> **WHAT YOU WILL DO**: Give back, unaltered, the lines from the one with "Material: Cobre/Perla de" to the end of the material, omitting pictures.

________________

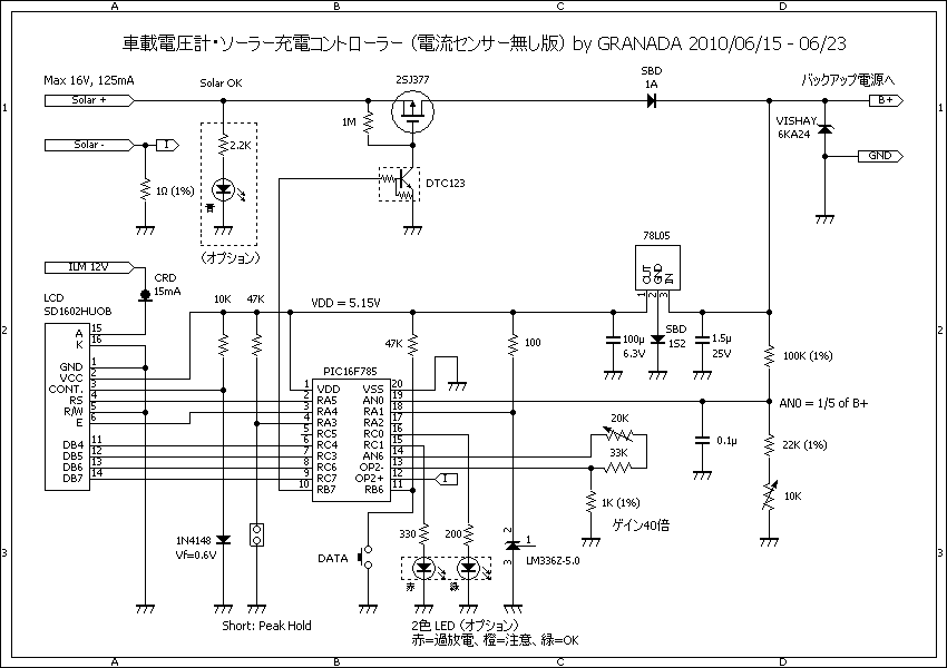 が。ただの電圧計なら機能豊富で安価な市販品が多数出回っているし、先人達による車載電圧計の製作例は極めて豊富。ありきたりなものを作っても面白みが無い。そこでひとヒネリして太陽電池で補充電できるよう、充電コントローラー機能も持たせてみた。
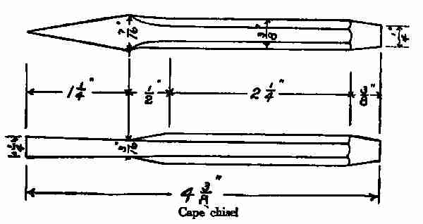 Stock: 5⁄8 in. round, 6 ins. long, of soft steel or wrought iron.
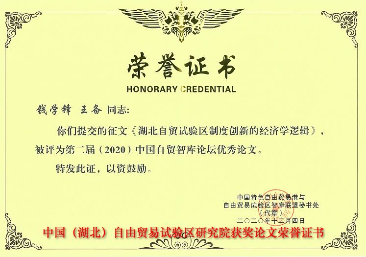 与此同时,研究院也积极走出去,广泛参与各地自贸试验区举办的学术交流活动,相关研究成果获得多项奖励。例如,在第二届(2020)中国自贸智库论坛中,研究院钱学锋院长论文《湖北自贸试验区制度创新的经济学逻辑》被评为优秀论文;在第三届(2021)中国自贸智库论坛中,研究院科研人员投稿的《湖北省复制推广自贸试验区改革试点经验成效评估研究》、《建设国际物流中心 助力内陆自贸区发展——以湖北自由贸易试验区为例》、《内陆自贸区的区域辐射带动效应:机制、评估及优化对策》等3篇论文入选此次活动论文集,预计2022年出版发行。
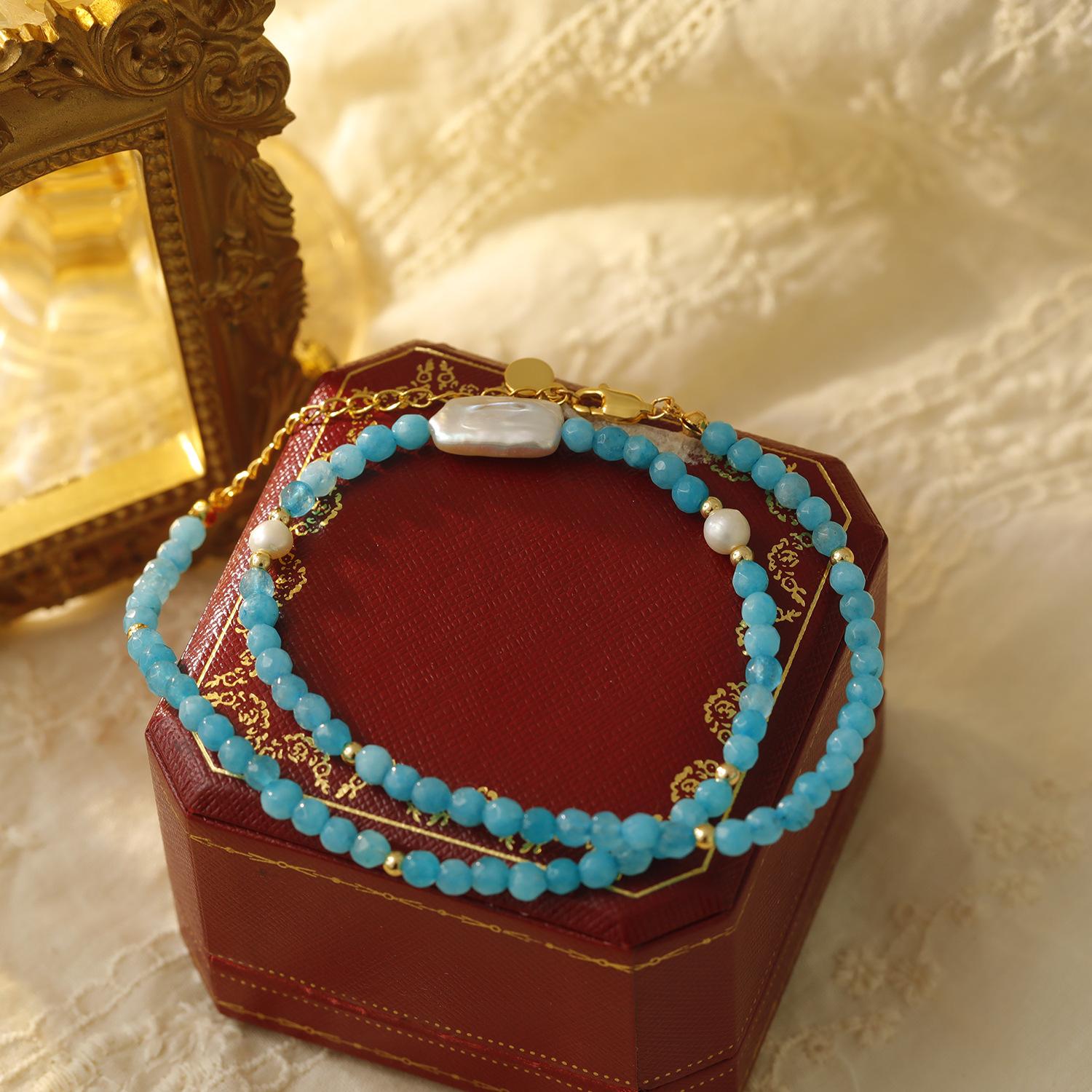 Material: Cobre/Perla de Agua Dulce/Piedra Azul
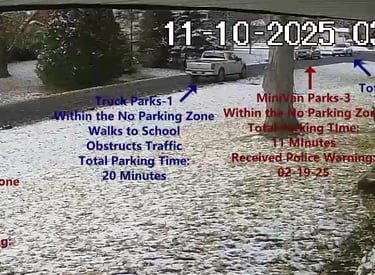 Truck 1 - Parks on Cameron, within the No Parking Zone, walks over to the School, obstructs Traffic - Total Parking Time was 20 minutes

________________

> **YOUR SOLUTION**:
 Material: Cobre/Perla de Agua Dulce/Piedra Azul
 Truck 1 - Parks on Cameron, within the No Parking Zone, walks over to the School, obstructs Traffic - Total Parking Time was 20 minutes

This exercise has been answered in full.